はじめに
別記事「IBM Log Analysis with LogDNAで、IBM Cloud Kubernetes Service(IKS)のログを監視・アラート通知する」では、IKSから出力されるログを、IBM Cloudのログ収集・参照・監視サービスである「IBM Log Analysis with LogDNA」(以降、LogDNA)に収集し、監視する手順を書きました。
LogDNAのインスタンス作成時、いくつかの料金プランから選択することができますが、保管期間は最長でも30日間となり、それ以前のログは消えてなくなることになります。
直近のログのみ見えればよいというケースもありますが、過去にさかのぼって状況を確認したいとか、監査上の理由で保管期間が決められているためログを残しておく必要があるなど、実際のシステム運用においては30日間でログが消えてしまっては困る場合が多いと思います。
そのため、収集したログは多くの場合、アーカイブしたうえで保管しておき、必要に迫られた場合に引っ張り出して参照できるようにすることになります。しかし、そのための仕組み作りはオンプレのシステムではそれなりに手間がかかります。ログをアーカイブする、ログを保管するためのサーバに移送する、サーバのディスクも無限ではないため定期的にテープ/ディスクバックアップを取って古いものを削除する、(ログが極めて重要な場合)ディスク障害に備えてディスクの二重化を図るなど。
が、クラウドサービスを使用していれば、ログのアーカイブもお手軽に実施できます。
当記事では、LogDNAが収集したログを定期的にIBM Cloud Object Storage(以降、ICOS)にアーカイブする手順を紹介します。
なお、ICOSは、AWSのS3に相当するサービスで、非常に高い耐久性を備えたストレージサービスになります。また、ストレージのサイズも拡張性に優れ(エクサバイトまで)、古いファイルを自動的に削除するといった機能も備えており、ログの保管には最適です。
前提事項
別記事「IBM Log Analysis with LogDNAで、IBM Cloud Kubernetes Service(IKS)のログを監視・アラート通知する」を実施済みで、LogDNAのインスタンスは作成済みとします。
ICOSのインスタンス・バケットの作成
IBM CloudのICOSのページにアクセスします。
「固有のバケット名」にネーミングルールに沿った任意のバケット名を入力し、「ロケーション」を「us-south」を選択し(LogDNAのインスタンスをダラスで作成しているため)、バケットを作成します。
ICOSのバケットへの権限付与
作成されたバケットで、「サービス資格情報」をクリックします。
「名前」はデフォルトのまま、「役割」を「リーダー」に設定し、「追加」ボタンをクリックします。
以下のようにサービス資格情報が作成されます。
サービス資格情報名の左隣の下矢印(赤枠部分)をクリックすると、各種の資格情報がJSON形式で表示されます。

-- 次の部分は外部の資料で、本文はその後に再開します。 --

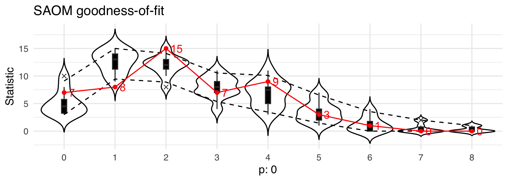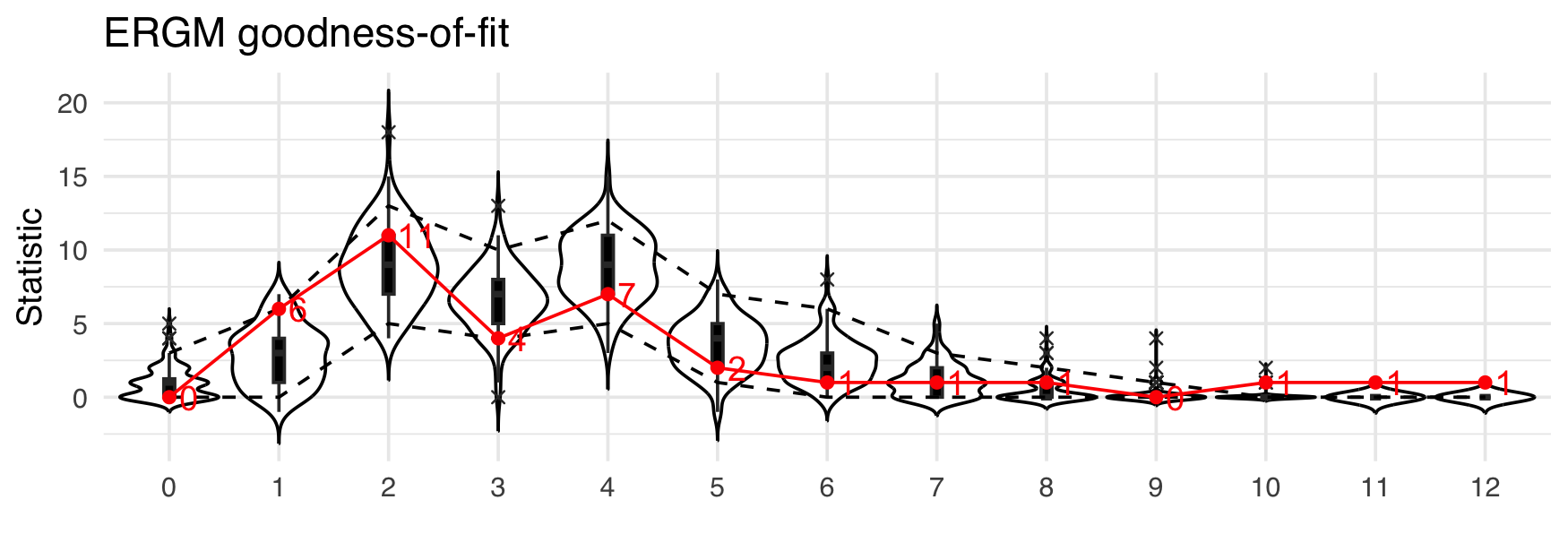 Since network analysis involves not just drawing graphs, {autograph} also provides a function for plotting results from the analysis or modelling of those networks. To keep things simple, all users need to remember is a single, generic function: plot(). Method dispatching takes care of the rest, so you can concentrate on exploring and interpreting your results. Here are some examples, using goodness-of-fit results from fitting a SAOM in {RSiena} and an ERGM in {ergm}. (Note that neither the data nor the model are similar; this is just for illustrative purposes.)

その中で、「apikey」、「resource_instance_id」の2項目の値をメモしておきます。
次に、IAMのサービスIDのページにアクセスします。
「アクセス・ポリシー」タブを選択し、「アクセス権限の割り当て」ボタンをクリックします。
作成したバケットに対する書き込み権限を付与します。
権限割り当て対象のサービスとして「Cloud Object Storage」を選択し、以下の通り入力します。
- サービス・インスタンス : 作成したICOSのインスタンス
- リソース・タイプ : 「bucket」と入力
- リソースID : ICOSのバケットの名前を入力
画面下部の「サービス・アクセス」で「ライター」にチェックを入れ、「追加」ボタンをクリックします。
画面右側のアクセス・サマリーを確認し、「割り当て」ボタンをクリックします。
ICOSで作成したバケットのページに戻り、画面左側の「構成」をクリックし、「バケットの構成」ページを表示します。
エンドポイントが記載されているので、プライベートのエンドポイントをメモしておきます(赤枠部分)。
LogDNAの設定
LogDNAのページにアクセスします。
「LogDNAの表示」をクリックし、LogDNAのダッシュボードを開きます。
画面左側の歯車アイコンをクリックし、「ARCHIVING」をクリックします。
「Enabling Archiving」を「ON」にし、「Provider」で「IBM Cloud Object Storage」を選択します。
「Bucket」、「Endpoint」、「API Key」、「Instance ID」にそれぞれ以下の値を入力し、「Save」ボタンをクリックします。
- Bucket : ICOSのバケット名
- Endpoint : 上記でメモした「プライベートのエンドポイント」
- API Key : 上記でメモした「apikey」
- Instance ID : 上記でメモした「resource_instance_id」
これでアーカイブの設定が完了です。
結果確認
最初のアーカイブ処理は、上記の設定が完了した後、24時間が経過した後になります。
すぐにアーカイブ処理を実行することはできません。
そのため、24時間以上経過するのを待った後、ICOSの対象バケットを確認します。
以下のように、gzで圧縮されたファイルがバケットに格納されていれば成功です。
もし設定に不備があり、アーカイブが失敗している場合、24時間放置するとアーカイブの設定が自動的にOFFになるので、不備の内容を修正したうえで、上記のアーカイブ設定で再度ONに設定してください。